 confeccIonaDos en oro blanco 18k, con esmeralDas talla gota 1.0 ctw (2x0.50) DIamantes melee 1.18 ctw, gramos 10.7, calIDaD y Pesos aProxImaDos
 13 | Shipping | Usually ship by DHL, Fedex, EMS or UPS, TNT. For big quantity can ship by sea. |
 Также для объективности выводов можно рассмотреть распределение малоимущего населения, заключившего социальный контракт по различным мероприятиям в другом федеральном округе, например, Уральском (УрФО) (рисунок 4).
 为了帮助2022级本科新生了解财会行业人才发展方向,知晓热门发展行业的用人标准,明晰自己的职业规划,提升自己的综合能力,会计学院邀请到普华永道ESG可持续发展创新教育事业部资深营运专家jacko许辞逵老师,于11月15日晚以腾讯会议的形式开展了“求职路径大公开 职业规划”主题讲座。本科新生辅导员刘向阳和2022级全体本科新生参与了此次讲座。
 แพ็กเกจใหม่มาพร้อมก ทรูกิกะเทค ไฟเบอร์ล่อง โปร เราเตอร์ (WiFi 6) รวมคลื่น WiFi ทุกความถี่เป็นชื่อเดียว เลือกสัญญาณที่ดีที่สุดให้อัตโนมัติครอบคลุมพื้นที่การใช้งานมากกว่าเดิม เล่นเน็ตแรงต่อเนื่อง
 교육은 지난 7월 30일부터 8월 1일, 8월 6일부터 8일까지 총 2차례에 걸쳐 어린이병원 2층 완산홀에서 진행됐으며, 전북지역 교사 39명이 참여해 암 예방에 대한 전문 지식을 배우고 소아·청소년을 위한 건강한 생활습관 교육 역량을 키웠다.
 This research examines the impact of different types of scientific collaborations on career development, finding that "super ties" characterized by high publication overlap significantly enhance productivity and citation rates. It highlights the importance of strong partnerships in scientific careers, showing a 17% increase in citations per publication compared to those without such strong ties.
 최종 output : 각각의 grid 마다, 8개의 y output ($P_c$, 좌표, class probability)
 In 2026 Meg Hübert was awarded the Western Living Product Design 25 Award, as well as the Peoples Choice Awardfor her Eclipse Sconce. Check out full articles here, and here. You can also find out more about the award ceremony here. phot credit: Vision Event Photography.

#####

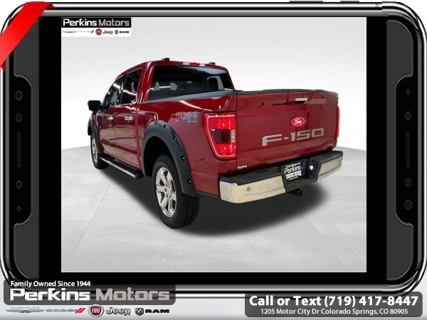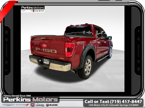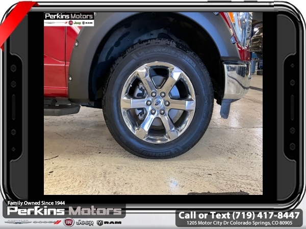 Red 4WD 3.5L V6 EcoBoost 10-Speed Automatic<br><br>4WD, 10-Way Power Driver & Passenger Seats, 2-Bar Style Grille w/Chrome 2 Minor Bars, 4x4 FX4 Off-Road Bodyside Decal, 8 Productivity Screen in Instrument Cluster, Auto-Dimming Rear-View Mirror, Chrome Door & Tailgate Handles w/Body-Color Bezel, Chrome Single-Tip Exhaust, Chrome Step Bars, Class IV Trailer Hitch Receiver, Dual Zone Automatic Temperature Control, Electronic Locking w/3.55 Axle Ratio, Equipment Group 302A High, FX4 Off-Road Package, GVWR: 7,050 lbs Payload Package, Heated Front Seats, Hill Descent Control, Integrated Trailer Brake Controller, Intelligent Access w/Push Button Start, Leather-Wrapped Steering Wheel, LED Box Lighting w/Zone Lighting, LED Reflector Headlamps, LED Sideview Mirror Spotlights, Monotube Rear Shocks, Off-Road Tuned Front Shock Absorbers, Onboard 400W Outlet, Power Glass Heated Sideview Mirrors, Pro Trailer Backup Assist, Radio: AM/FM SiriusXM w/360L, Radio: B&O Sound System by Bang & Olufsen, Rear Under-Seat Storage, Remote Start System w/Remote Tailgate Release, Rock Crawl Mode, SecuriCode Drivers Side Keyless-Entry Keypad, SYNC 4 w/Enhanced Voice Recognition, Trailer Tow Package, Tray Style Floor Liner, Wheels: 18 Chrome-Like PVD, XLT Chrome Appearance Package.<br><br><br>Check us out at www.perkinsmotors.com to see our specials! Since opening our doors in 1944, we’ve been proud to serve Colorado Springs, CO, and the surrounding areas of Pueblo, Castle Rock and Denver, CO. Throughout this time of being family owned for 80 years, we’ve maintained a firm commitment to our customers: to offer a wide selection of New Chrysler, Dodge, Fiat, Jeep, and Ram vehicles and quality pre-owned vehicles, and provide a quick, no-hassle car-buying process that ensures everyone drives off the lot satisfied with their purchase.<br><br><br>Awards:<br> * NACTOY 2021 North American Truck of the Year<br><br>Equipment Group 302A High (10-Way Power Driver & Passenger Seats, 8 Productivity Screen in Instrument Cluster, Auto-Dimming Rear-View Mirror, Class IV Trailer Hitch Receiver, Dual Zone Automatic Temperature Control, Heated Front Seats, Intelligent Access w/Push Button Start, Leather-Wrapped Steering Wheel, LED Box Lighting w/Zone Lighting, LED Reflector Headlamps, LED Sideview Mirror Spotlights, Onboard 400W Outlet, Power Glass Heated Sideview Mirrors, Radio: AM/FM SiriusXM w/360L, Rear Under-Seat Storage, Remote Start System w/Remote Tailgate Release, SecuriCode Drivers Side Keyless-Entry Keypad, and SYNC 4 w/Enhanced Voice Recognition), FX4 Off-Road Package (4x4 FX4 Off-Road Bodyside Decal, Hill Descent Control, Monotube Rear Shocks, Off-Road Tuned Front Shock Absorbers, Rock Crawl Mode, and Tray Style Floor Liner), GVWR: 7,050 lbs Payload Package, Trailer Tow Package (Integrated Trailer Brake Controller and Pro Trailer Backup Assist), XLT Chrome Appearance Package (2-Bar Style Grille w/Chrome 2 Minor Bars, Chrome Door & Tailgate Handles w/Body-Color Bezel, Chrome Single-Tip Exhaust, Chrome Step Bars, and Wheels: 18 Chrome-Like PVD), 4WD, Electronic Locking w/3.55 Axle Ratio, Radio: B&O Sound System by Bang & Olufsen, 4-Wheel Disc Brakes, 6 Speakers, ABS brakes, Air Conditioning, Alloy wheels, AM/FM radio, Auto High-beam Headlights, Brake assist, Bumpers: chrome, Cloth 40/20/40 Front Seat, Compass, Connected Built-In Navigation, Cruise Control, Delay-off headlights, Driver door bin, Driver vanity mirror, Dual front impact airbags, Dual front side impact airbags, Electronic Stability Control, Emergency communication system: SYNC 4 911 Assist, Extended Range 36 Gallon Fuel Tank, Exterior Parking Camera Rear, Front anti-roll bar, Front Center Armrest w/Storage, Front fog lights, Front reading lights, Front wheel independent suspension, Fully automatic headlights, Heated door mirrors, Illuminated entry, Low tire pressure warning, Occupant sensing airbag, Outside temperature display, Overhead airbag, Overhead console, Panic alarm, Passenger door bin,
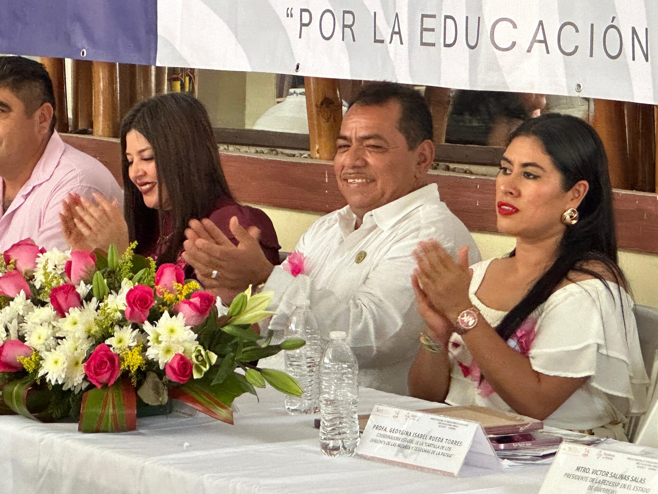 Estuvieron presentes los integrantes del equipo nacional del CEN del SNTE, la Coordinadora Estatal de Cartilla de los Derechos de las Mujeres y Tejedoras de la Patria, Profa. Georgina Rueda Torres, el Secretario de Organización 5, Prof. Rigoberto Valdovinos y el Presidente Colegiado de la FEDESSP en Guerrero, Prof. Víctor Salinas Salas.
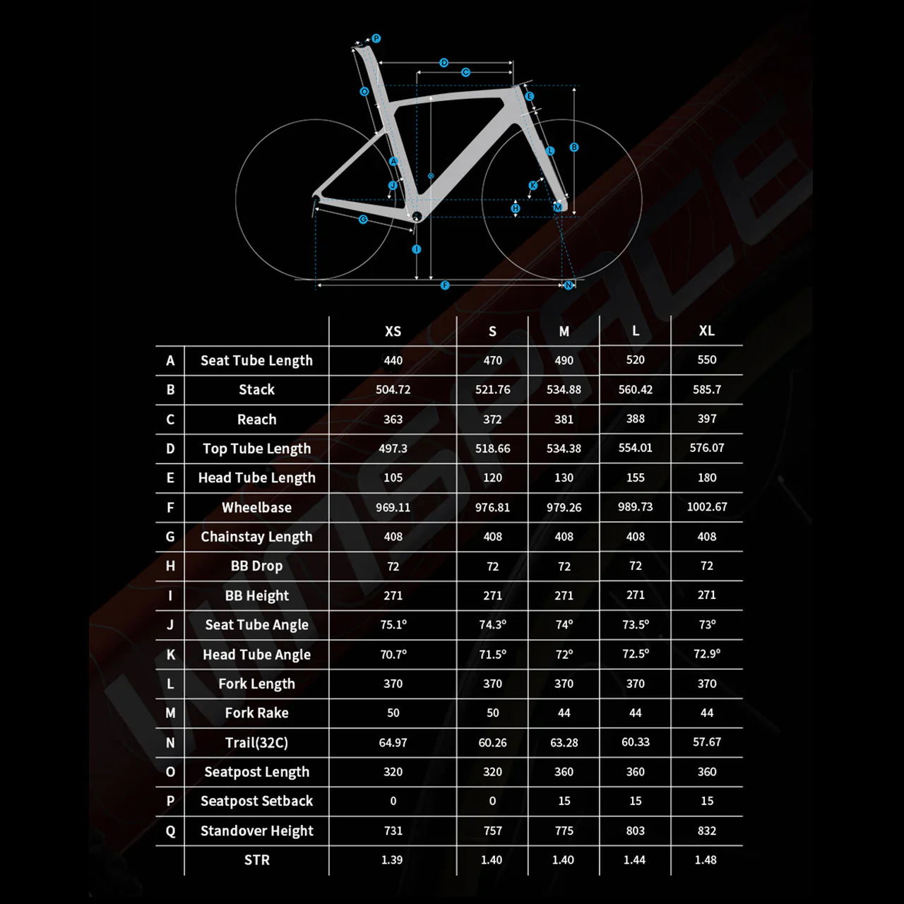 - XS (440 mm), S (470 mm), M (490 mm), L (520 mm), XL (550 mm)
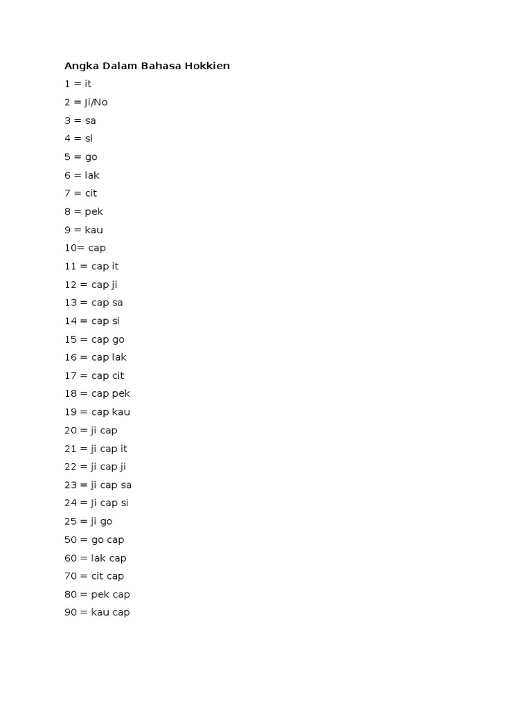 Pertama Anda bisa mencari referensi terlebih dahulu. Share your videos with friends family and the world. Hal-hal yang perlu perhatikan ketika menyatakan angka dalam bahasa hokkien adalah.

#####

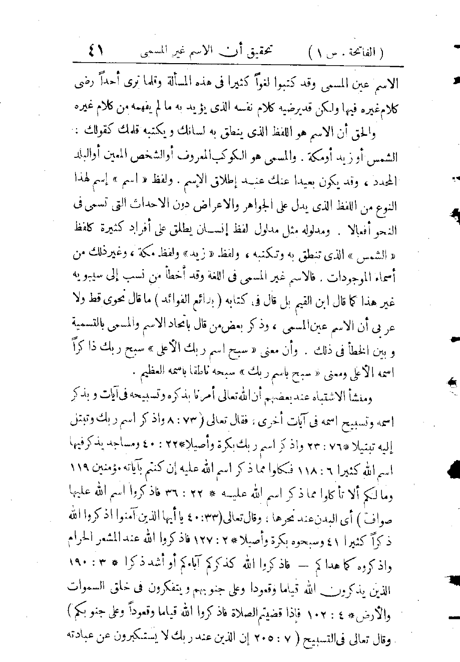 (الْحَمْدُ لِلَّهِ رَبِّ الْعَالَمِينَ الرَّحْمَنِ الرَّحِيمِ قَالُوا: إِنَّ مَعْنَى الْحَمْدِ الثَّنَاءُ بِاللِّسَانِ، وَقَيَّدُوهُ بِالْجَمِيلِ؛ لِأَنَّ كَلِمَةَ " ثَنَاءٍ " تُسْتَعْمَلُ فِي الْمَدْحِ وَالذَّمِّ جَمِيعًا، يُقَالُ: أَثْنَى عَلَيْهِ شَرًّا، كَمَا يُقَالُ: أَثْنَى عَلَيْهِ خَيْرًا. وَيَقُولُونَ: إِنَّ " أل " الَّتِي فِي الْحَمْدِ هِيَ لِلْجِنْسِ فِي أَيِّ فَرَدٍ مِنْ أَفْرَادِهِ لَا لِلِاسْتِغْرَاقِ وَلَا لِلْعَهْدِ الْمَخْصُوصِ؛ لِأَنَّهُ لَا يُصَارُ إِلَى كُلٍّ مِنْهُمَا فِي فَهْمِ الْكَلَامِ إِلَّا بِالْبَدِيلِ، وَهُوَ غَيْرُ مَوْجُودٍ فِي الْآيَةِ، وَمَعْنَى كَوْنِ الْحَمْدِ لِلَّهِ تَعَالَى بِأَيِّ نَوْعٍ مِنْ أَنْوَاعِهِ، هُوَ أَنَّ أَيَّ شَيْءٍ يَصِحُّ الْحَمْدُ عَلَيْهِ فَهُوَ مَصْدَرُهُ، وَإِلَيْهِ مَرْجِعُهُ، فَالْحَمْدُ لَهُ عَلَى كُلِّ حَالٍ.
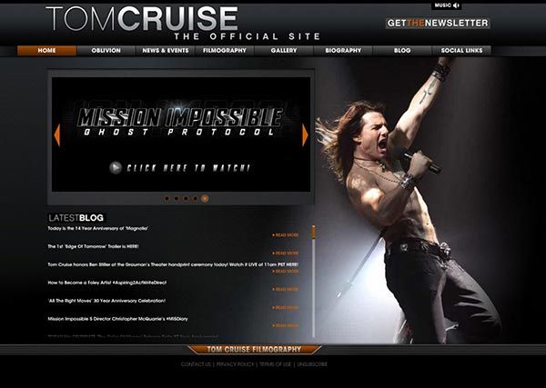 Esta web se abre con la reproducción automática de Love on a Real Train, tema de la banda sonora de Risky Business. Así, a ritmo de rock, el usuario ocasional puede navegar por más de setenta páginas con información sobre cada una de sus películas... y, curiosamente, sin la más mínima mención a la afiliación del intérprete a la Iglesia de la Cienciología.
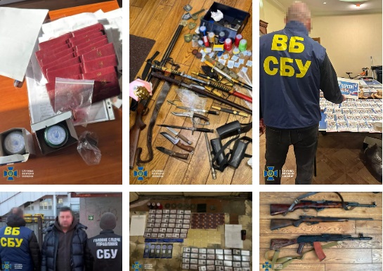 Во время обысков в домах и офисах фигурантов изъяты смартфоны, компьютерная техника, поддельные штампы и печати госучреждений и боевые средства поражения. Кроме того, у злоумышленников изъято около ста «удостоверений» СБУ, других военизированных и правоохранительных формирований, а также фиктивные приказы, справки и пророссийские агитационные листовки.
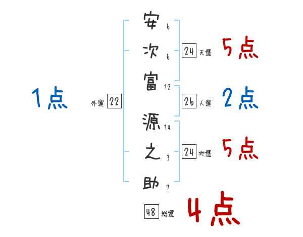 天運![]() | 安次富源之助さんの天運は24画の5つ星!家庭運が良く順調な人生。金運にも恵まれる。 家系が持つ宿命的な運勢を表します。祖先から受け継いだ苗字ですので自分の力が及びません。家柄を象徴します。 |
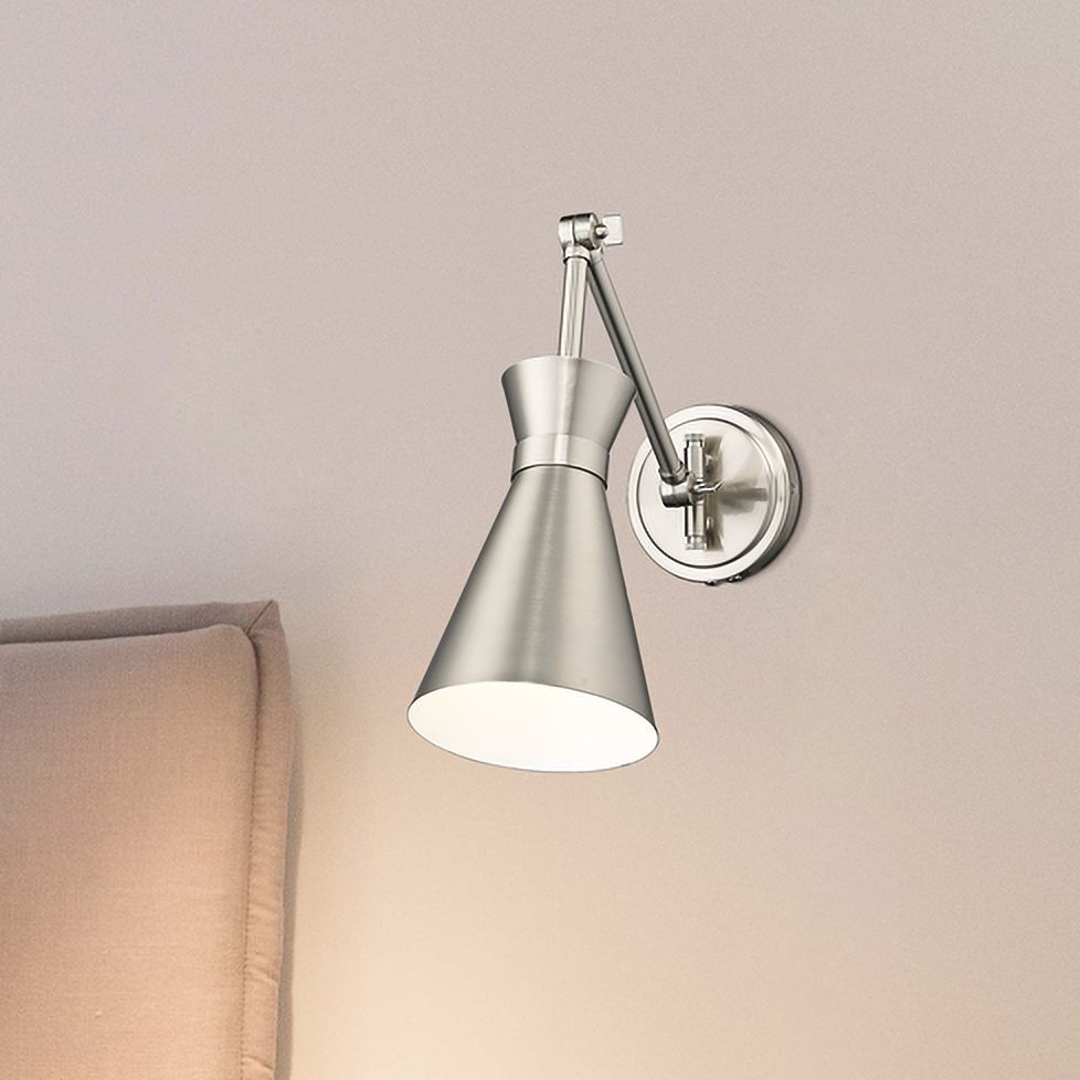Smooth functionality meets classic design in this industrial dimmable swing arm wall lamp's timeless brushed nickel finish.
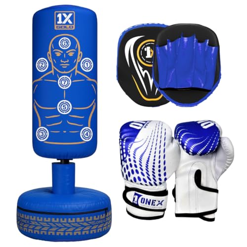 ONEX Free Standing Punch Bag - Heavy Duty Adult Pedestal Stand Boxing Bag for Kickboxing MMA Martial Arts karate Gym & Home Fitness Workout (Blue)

#####

*Assignment*.
Print again the lines of the entries above that fall between the line holding "confeccIonaDos en oro" and the line holding "Также для объективности", inclusive, exactly as they stand.

*Result of this exercise*.
 confeccIonaDos en oro blanco 18k, con esmeralDas talla gota 1.0 ctw (2x0.50) DIamantes melee 1.18 ctw, gramos 10.7, calIDaD y Pesos aProxImaDos
 13 | Shipping | Usually ship by DHL, Fedex, EMS or UPS, TNT. For big quantity can ship by sea. |
 Также для объективности выводов можно рассмотреть распределение малоимущего населения, заключившего социальный контракт по различным мероприятиям в другом федеральном округе, например, Уральском (УрФО) (рисунок 4).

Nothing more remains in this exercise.